I love love love 'Lo  I'm wondering what Vincent would look like with such a cut, I want him super short for his next cut! I love 'Lo's nose!  Just working my my boyfriend to get him to agree


----------



## lady amanda (Nov 26, 2010)

hahah, not sure the kids would like being in a box. or you for that matter...but if you ever wanted to come for a visit you are more than welcome...Whitby is pretty...it is smaller than Toronto, but Toronto is close by for site seeing...Whitby has lots of nice places to walk....and down by lake ontario too.

That is too bad about the job thing!! we don't have many jobs here either right now...which is tough since Hubby is looking again. he is in a fast paced industry that is always changing and has more politics than one can handle for very long. 

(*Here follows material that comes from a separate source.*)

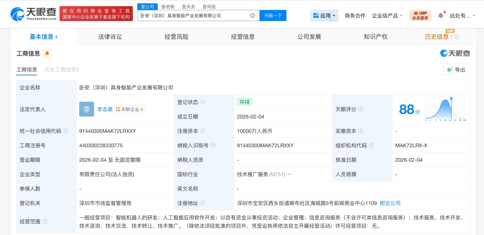 南方財經2月13日電,天眼查App顯示,近日,臥安(深圳)具身智能產業發展有限公司成立,法定代表人為李志晨,註冊資本1億人民幣,經營範圍為智能機器人的研發,人工智能應用軟件開發,以自有資金從事投資活動,企業管理,信息諮詢服務,技術服務、技術開發、技術諮詢、技術交流、技術轉讓、技術推廣。股東信息顯示,該公司由臥安機器人(深圳)股份有限公司全資持股。

Doggy related job would be perfect for you...what about stopping by a grooming salon to see if they need someone just to help with some of the cleaning tasks?? then maybe you could work your way up.


----------



## Enneirda. (Mar 5, 2010)

@Ruth. He would look really cool in it I think!  Mains and mohawks are awesome. Now you might want to think hard about a shaved face, depending on his muzzle. Often times a more thicker (cocker like) muzzle looks a touch odd shaved lol. 'Lo's muzzle is quite thin and looks like a chinese cresteds.

@Mo. ...boxes _aren't_ comfy? *hum* Ok, I'll give you that. You know, this is gonna sound quite dumb, but I had no clue you were in canada. Yeah, it's in your facts right beside your name, I know, but... I hadn't looked or something lol. I adore canada of late, ever sense I got a pinpal who lives there and posts pictures and tells me about it. I think I might be in love with lake Louise after two pictures in fact.

Now, the problem is, I have no car. Or money. So, while I'd really love to drive right up there, I can't. Yet! If you're actually serious, when I have a car, I'd be thrilled to take you up on that. It'd be a blast to meet you and lady, and my kids adore road trips. Though a 26 hour road trip would be in a whole nother league!

Good luck to the hubby!  I've asked the local grooming shops, and they have all the help they need. The local pet smart and co are looking for a person for the main pet area, as well as a trainer, so I'll be signing up for both or those and hoping.


----------



## lady amanda (Nov 26, 2010)

Good luck to you too!!! I hope you get the Job at Petsmart!! would you be able to keep it when College starts up again??
For sure you could come!! why not! Lady love other dogs..and your kids would tucker her out!! 

Well I live really really far from Lake Louise...but I it is supposed to be spectacular there! really gorgeous.
if you want to research my area...look into Toronto, then I live just outside of it in a town called Whitby. not as gorgeous as Lake Louise...but I love it.


----------



## Enneirda. (Mar 5, 2010)

I'd hope so!  They do have part time jobs available too, so I think they'd be able to work with my three half days for college pretty easily.

Sounds grand. 

I've looked into Toronto some, it looks lovely! How is canada for you? Would you recommend it?


----------